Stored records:
__________________________________________________
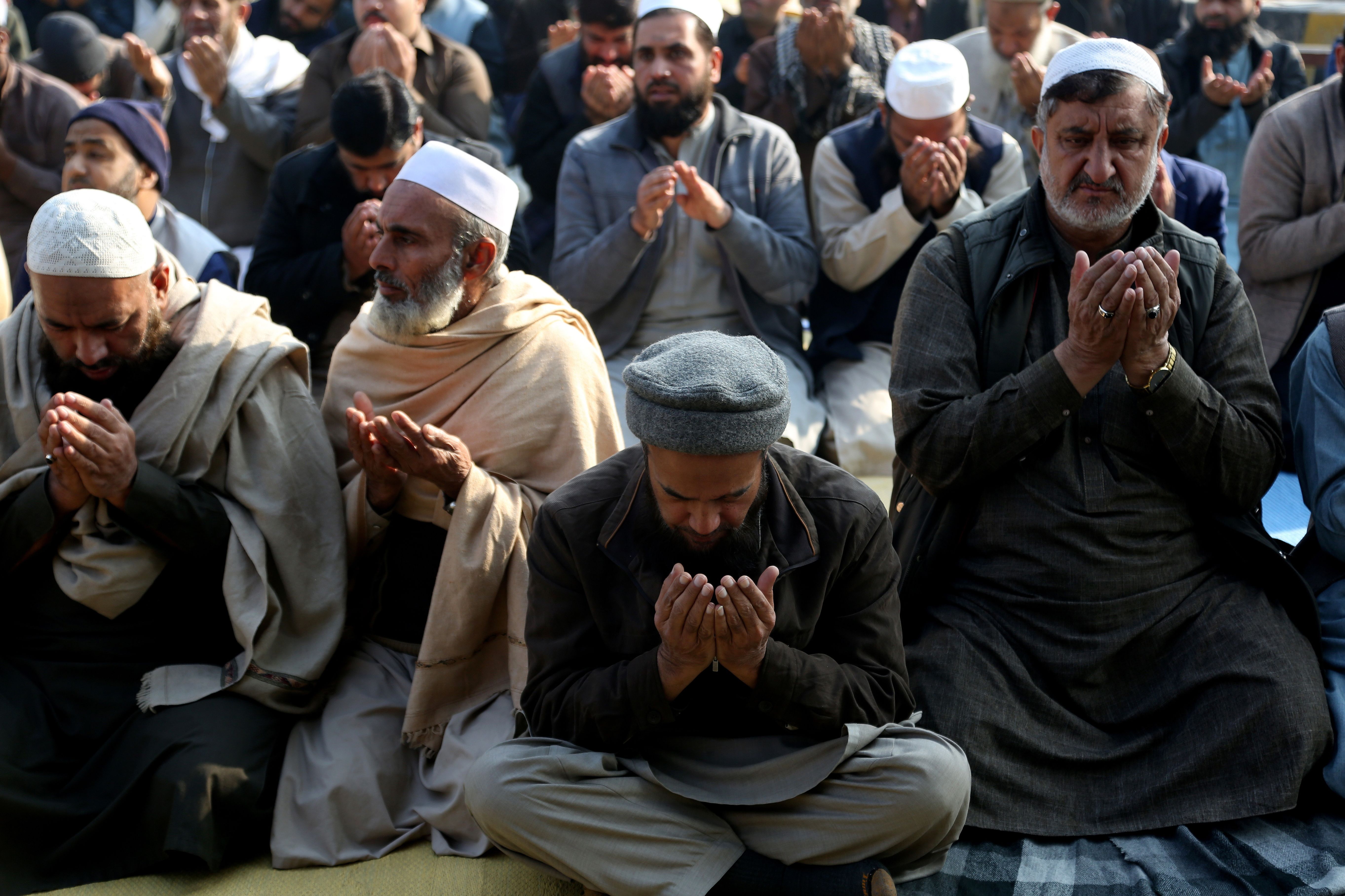People gather for a congregational rain-seeking prayer at a park in Peshawar, Pakistan, 08 December 2025. Punjab's air quality has sharply deteriorated, with Lahore topping global pollution rankings as dense smog spreads across the province. Authorities issued alerts, stepped up inspections, and deployed drones, while health advisories urged residents to limit outdoor activities amid persistent stagnant winter weather. (Photo by Arshad Arbab/EPA)
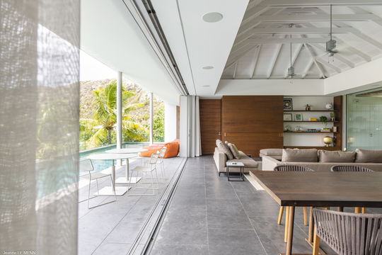 Built over two levels, villa BAKEA was built in a modern architecture and a sleek decor. Under the high vaulted ceilings, the spaces are bright in a refined decor. Furnished with large sofas and coffee tables, the living room is swept by the island’s mild air and opens onto the terrace with pool Through the bay windows, guests can admire the vegetation of St-Barths’ rolling hills. The dining room which can accommodate eight guests is located in the same open space close to the well-equipped kitchen with breakfast bar. A few hints of wood create a soothing atmosphere, ideal to enjoy the beauty of villa BAKEA's surroundings.
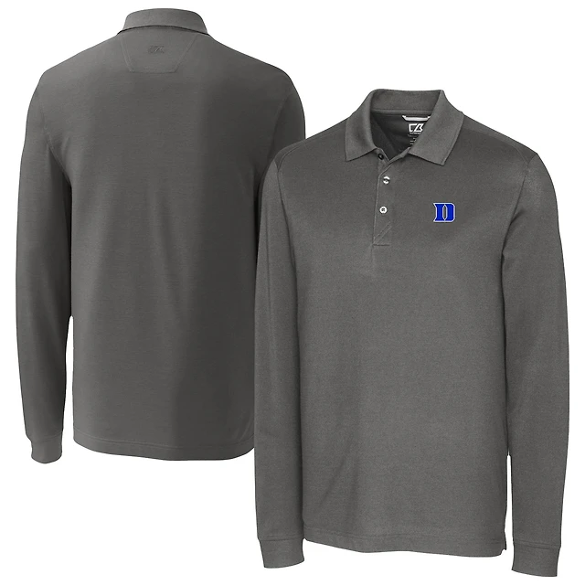 Polo à manches longues Advantage Eco Tri-Blend pour homme, gris, Cutter & Buck, Duke Blue Devils
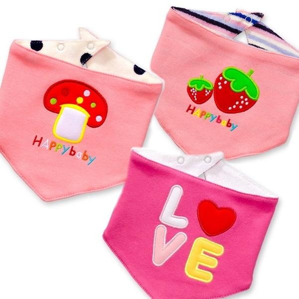 5折出清~台灣現貨 雙面純棉三角巾圍兜/口水巾3件組
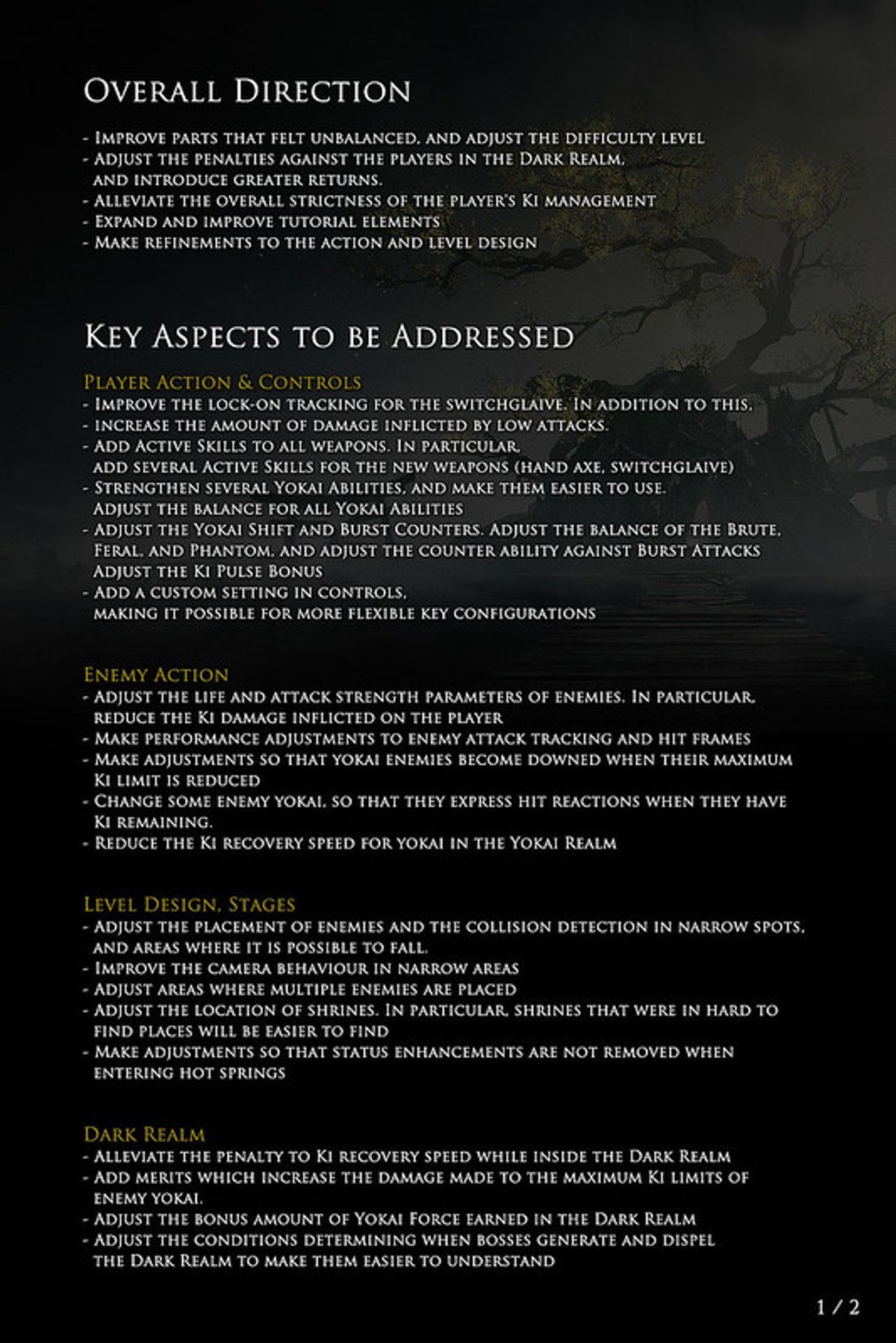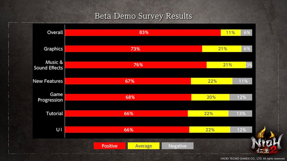 Infatti, alcune aree saranno rese meno difficili, mentre verrà curato maggiormente il bilanciamento degli Yokai e della gestione del Ki, con lo scopo di rendere il titolo più fruibile (ma comunque punitivo) per tutto il pubblico di appassionati. Appassionati che potranno trovare anche un tutorial più chiaro, un level design rifinito e numerosi aggiustamenti alla creazione del personaggio all'UI, al comparto sonoro e alle funzionalità online.Insomma: gli sviluppatori di NiOh 2 sembrano avere davvero a cuore la propria utenza, vista la cura maniacale riposta nel correggere i propri errori. Se volete scoprire nel dettaglio quali saranno i cambiamenti dalla Open Beta alla versione finale in arrivo a marzo, non dovete far altro che guardare la galleria qui sotto, contenente tre immagini dedicate ai risultati del sondaggio tra i dev e i beta tester.
__________________________________________________
TO DO >>
Restate each record from above word for word, excluding any picture it holds.

RESULT OF THE EXERCISE >>
People gather for a congregational rain-seeking prayer at a park in Peshawar, Pakistan, 08 December 2025. Punjab's air quality has sharply deteriorated, with Lahore topping global pollution rankings as dense smog spreads across the province. Authorities issued alerts, stepped up inspections, and deployed drones, while health advisories urged residents to limit outdoor activities amid persistent stagnant winter weather. (Photo by Arshad Arbab/EPA)
 Built over two levels, villa BAKEA was built in a modern architecture and a sleek decor. Under the high vaulted ceilings, the spaces are bright in a refined decor. Furnished with large sofas and coffee tables, the living room is swept by the island’s mild air and opens onto the terrace with pool Through the bay windows, guests can admire the vegetation of St-Barths’ rolling hills. The dining room which can accommodate eight guests is located in the same open space close to the well-equipped kitchen with breakfast bar. A few hints of wood create a soothing atmosphere, ideal to enjoy the beauty of villa BAKEA's surroundings.
 Polo à manches longues Advantage Eco Tri-Blend pour homme, gris, Cutter & Buck, Duke Blue Devils
 5折出清~台灣現貨 雙面純棉三角巾圍兜/口水巾3件組
 Infatti, alcune aree saranno rese meno difficili, mentre verrà curato maggiormente il bilanciamento degli Yokai e della gestione del Ki, con lo scopo di rendere il titolo più fruibile (ma comunque punitivo) per tutto il pubblico di appassionati. Appassionati che potranno trovare anche un tutorial più chiaro, un level design rifinito e numerosi aggiustamenti alla creazione del personaggio all'UI, al comparto sonoro e alle funzionalità online.Insomma: gli sviluppatori di NiOh 2 sembrano avere davvero a cuore la propria utenza, vista la cura maniacale riposta nel correggere i propri errori. Se volete scoprire nel dettaglio quali saranno i cambiamenti dalla Open Beta alla versione finale in arrivo a marzo, non dovete far altro che guardare la galleria qui sotto, contenente tre immagini dedicate ai risultati del sondaggio tra i dev e i beta tester.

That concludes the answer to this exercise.